Monday, Nov. 27, 1950
Chair-Pullers
Oregon's falcon-faced Repubican Maverick Wayne Morse figured that in the 82nd Congress he deserved a seat on the powerful Senate Foreign Relations Committee. He had been after it since 1946, and had lost out in 1949 because the Democratic majority had denied Republicans a sixth seat on the committee. But in organizing the 82nd Congress, Republican leaders apparently had other plans.

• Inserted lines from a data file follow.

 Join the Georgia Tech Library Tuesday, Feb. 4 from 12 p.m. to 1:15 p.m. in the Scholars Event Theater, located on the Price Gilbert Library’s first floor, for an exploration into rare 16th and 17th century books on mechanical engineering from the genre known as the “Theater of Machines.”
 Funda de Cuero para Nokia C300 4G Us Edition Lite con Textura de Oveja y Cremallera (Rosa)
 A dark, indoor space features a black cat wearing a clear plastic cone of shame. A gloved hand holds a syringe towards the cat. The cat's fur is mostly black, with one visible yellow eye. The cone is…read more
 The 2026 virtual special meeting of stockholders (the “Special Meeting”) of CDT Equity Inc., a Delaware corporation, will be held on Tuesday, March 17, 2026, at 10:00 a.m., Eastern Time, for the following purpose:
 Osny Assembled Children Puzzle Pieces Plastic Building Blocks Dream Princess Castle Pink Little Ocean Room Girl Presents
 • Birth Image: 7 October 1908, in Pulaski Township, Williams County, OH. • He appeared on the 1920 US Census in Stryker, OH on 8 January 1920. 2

The New York Times front-paged a story quoting "the most competent authority" on the subject as saying that the Republicans would probably pick someone other than Morse for the seat. The unnamed "authority" was obviously Mr. Republican himself, Ohio's Robert Taft. He indicated that party leaders considered Fair-Dealing Wayne Morse a Republican in name only, and would rather choose Californian William F. Knowland, unrelenting critic of Dean Acheson, and at the moment, off on Formosa breakfasting with Chiang Kaishek. Morse had stood with Michigan's Arthur Vandenberg in support of most of the Administration's foreign policy, but Vandenberg was ill and presumably unable to exert his dominance over G.O.P. foreign policy.

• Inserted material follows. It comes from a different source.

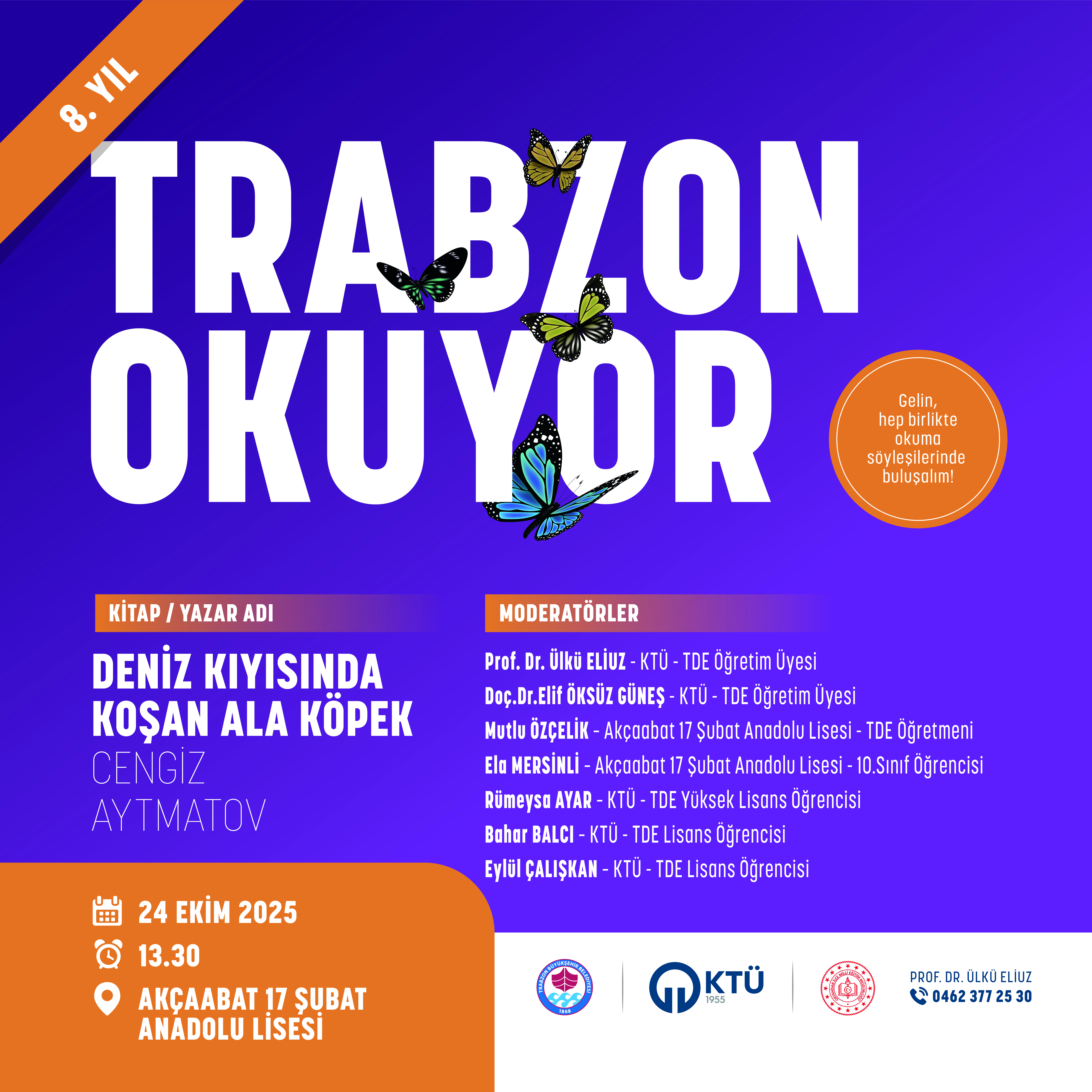 Trabzon Okuyor projesi kapsamında Cengiz Aytmatov'un ''Deniz Kıyısında Koşan Ala Köpek'' adlı eseri tartışılacaktır. Detaylı bilgiye buradan ulaşabilirsiniz:
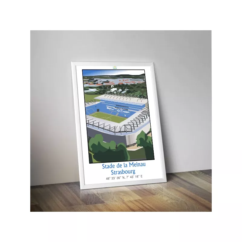 Aujourd'hui, le Coq vous offre le choix de découvrir l'affiche sous deux formats différents, le format classique d'un poster 50x70 cm qui s'affichera facilement chez vous, mais aussi le format Horizontal qui vous permettra d'afficher votre amour pour le stade de la Meinhau en bénéficiant d'une vue panoramique sur le stade historique du Racing Club de Strasbourg.

Wayne Morse carried the fight into the open. He called a press conference, and read a letter written right after the election: "I should say the path is now clear for you to cash your I.O.U. on a seat in the Foreign Relations Committee," it said. "If I succeed in returning in January, which I expect to do--at least on limited terms --I shall be entirely comfortable and happy to see you in this committee post." It was signed "Arthur H. Vandenberg." Morse added that he would use his seniority over Bill Knowland to claim the committee spot.

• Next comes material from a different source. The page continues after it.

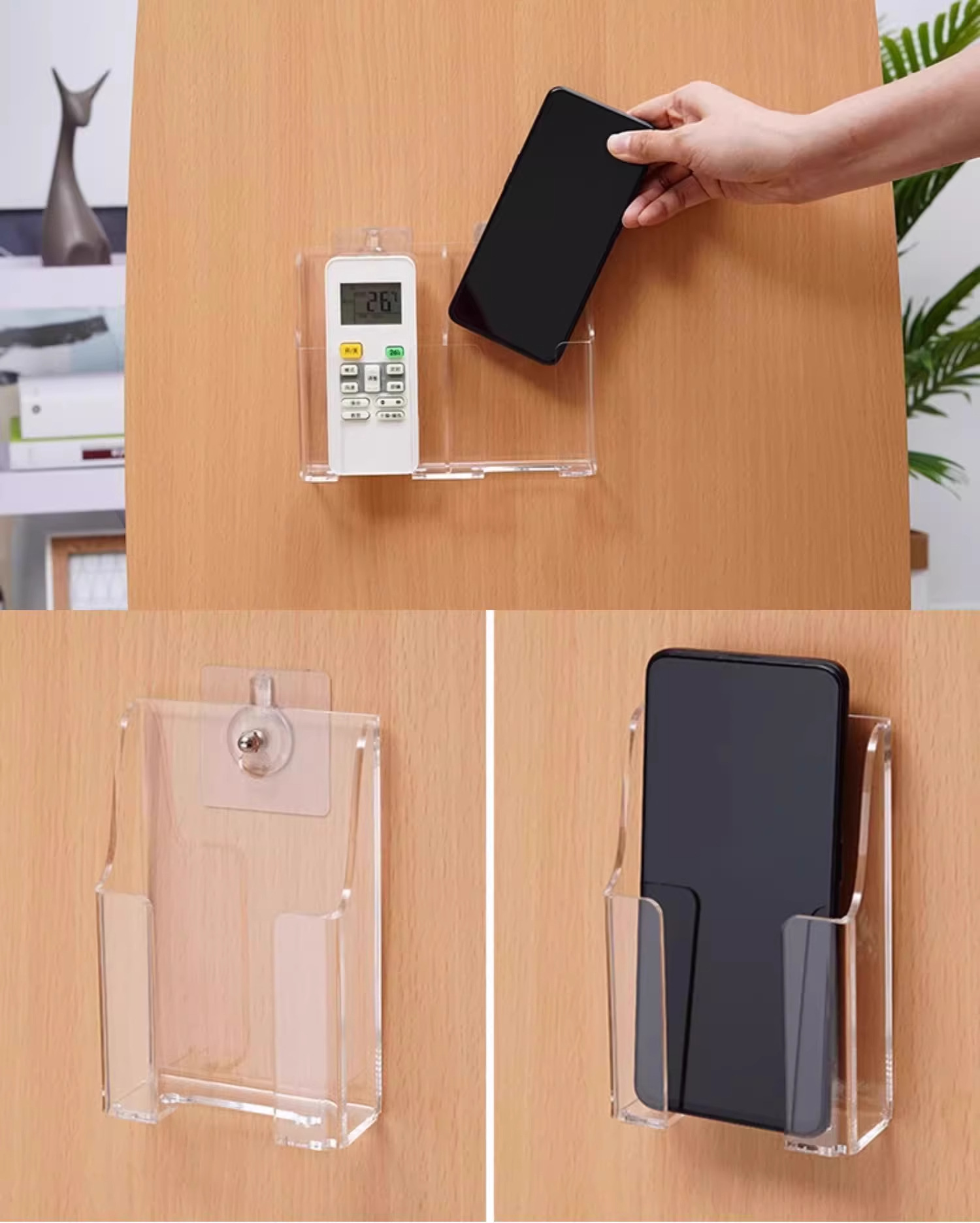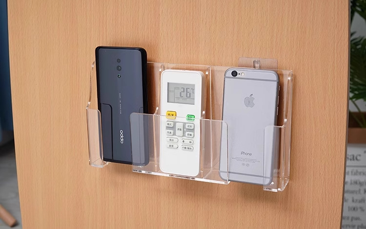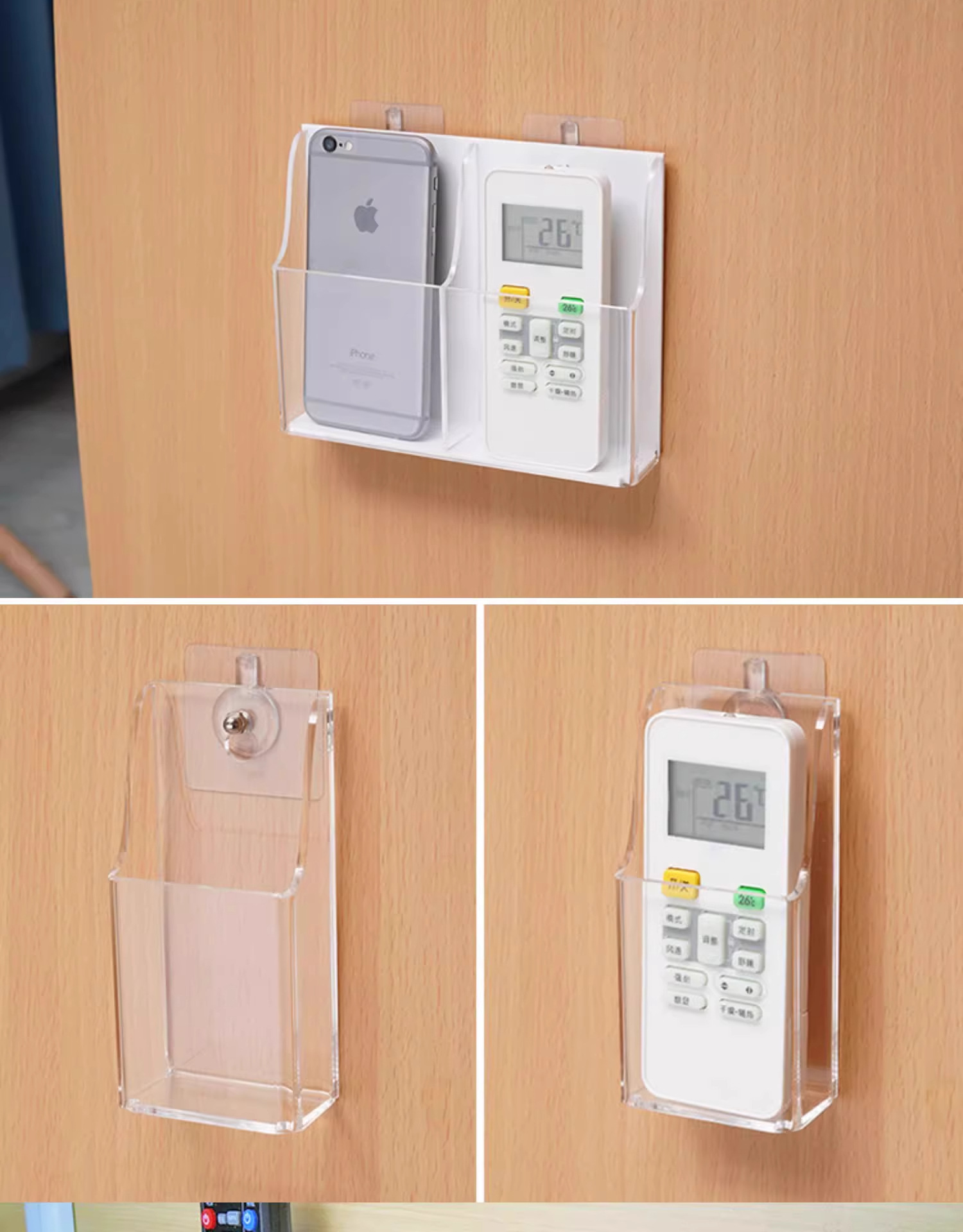 에어컨 및 TV 리모컨 수납함 벽걸이형 수납함 휴대폰 거치대 무타공 수납

But by the hoary gentlemen's club rules of the U.S. Senate, if Wayne Morse could pull rank on Bill Knowland, there were eleven Republican Senators who could do the same to Morse. The group included such Administration scourges as Bob Taft himself (although he preferred to stick with the Finance and Labor committees*), Nebraska's intractable Kenneth Wherry and Michigan's Homer Ferguson. Ferguson, apparently eyeing the Foreign-Relations seat for himself, spent part of the week bobbing ostentatiously around the U.N. Out of this roster, Republican leaders were sure they could pick a man to pull the seat out from under eager Wayne Morse, and pop into it before he picked himself off the floor.
*Under congressional rules, each Senator is limited to membership on two committees.